## ABOUT THIS EXERCISE
The material beneath this line should be printed exactly, with its pictures omitted.

[[ DATASET SECTION open ]]

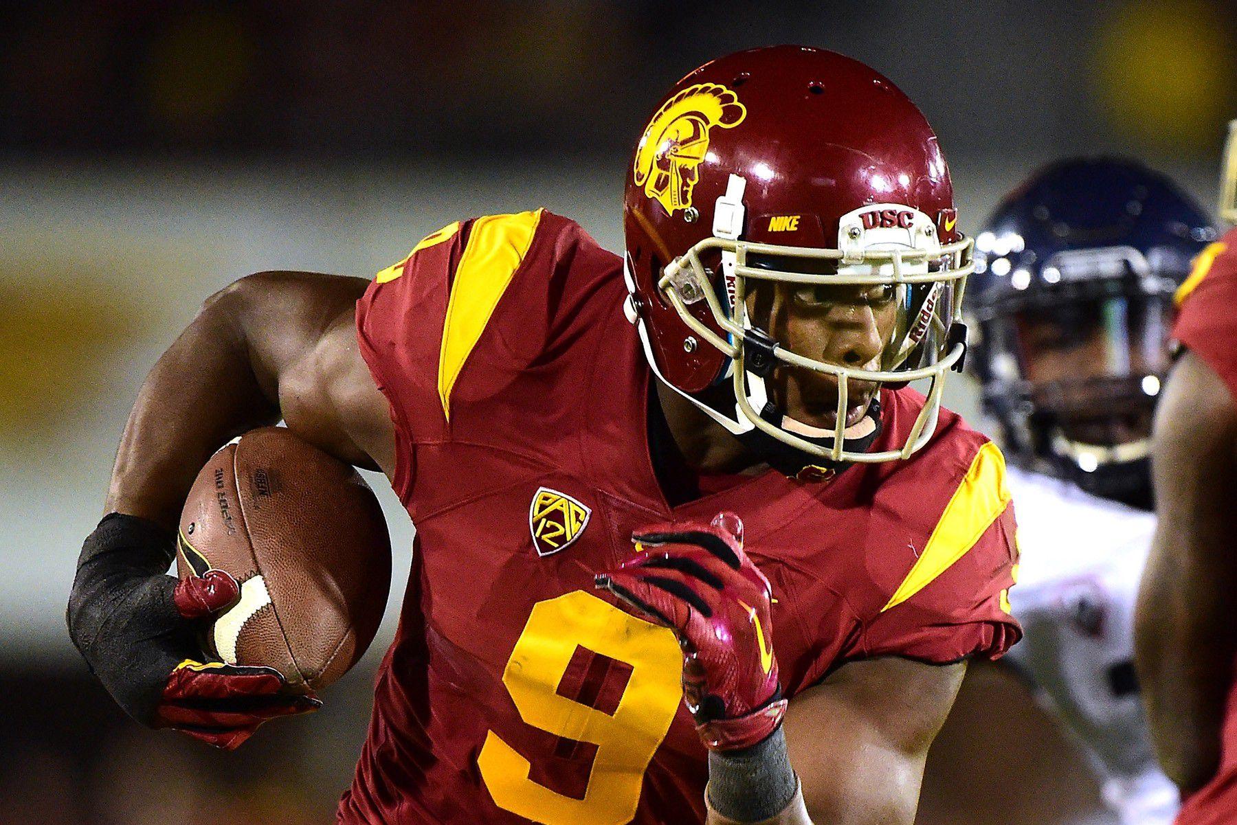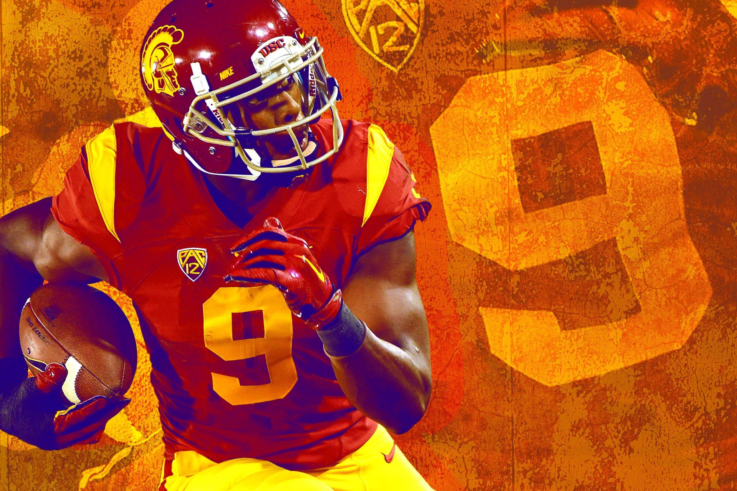 Smith-Schuster was a five-star recruit and the third-highest-rated athlete in the class of 2014, according to the 247Sports composite rankings, and he was as highly regarded at safety as he was at wide receiver. He had grown up a USC fan, living less than an hour south of Memorial Coliseum. Playing there had always been his dream. No other recruit, Martin said, would be more decked out in cardinal and gold gear during recruiting visits than Smith-Schuster. “Everyone my age wanted to be Reggie Bush. He was my idol,” Smith-Schuster says. “But coming up in high school and playing wide receiver, I wanted to be fast and quick like Marqise Lee, but I also wanted to be technique-sound and run really smooth routes like Robert Woods.”
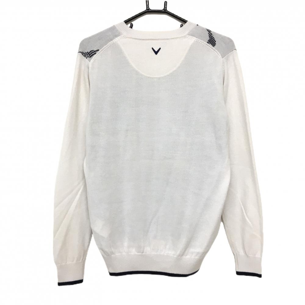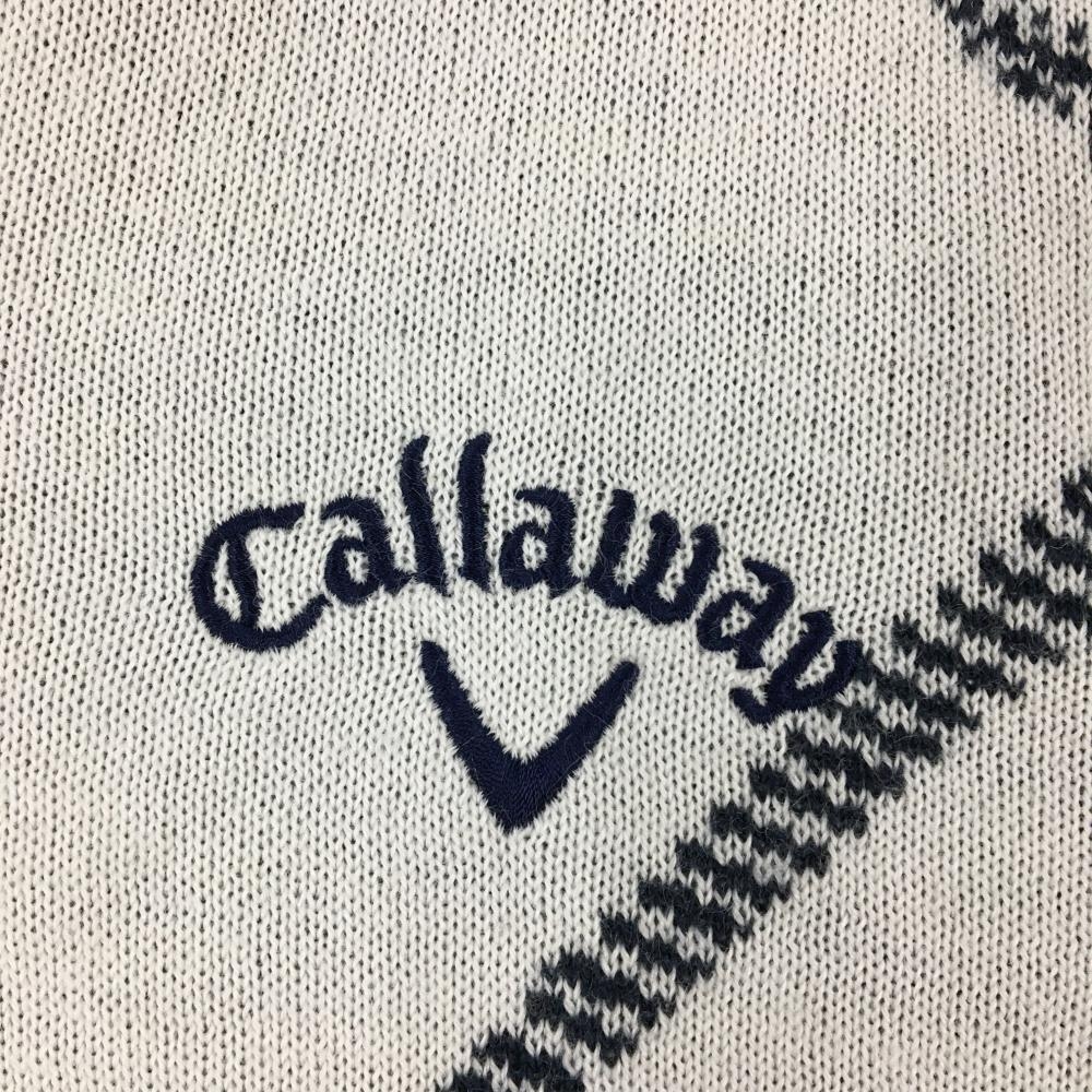 【美品】キャロウェイ セーター 白×ネイビー 前身頃総柄 ウール混 ニット メンズ M ゴルフウェア Callaway
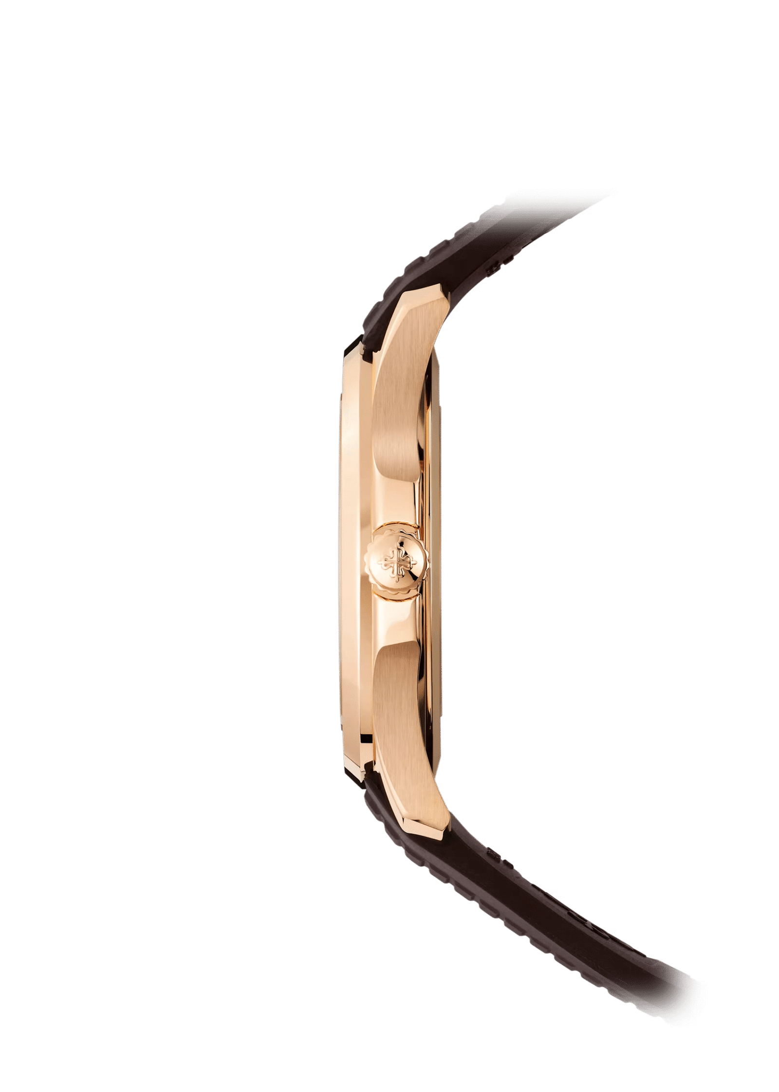 بني مشع بحافة متدرجة سوداء، نقش Aquanaut بارز، أرقام من الذهب الوردي مع طلاء متوهج أبيض. عقارب عصوية من الذهب الوردي مع طلاء متوهج أبيض.

[[ DATASET SECTION closed ]]

## RESULT OF THE EXERCISE
 Smith-Schuster was a five-star recruit and the third-highest-rated athlete in the class of 2014, according to the 247Sports composite rankings, and he was as highly regarded at safety as he was at wide receiver. He had grown up a USC fan, living less than an hour south of Memorial Coliseum. Playing there had always been his dream. No other recruit, Martin said, would be more decked out in cardinal and gold gear during recruiting visits than Smith-Schuster. “Everyone my age wanted to be Reggie Bush. He was my idol,” Smith-Schuster says. “But coming up in high school and playing wide receiver, I wanted to be fast and quick like Marqise Lee, but I also wanted to be technique-sound and run really smooth routes like Robert Woods.”
 【美品】キャロウェイ セーター 白×ネイビー 前身頃総柄 ウール混 ニット メンズ M ゴルフウェア Callaway
 بني مشع بحافة متدرجة سوداء، نقش Aquanaut بارز، أرقام من الذهب الوردي مع طلاء متوهج أبيض. عقارب عصوية من الذهب الوردي مع طلاء متوهج أبيض.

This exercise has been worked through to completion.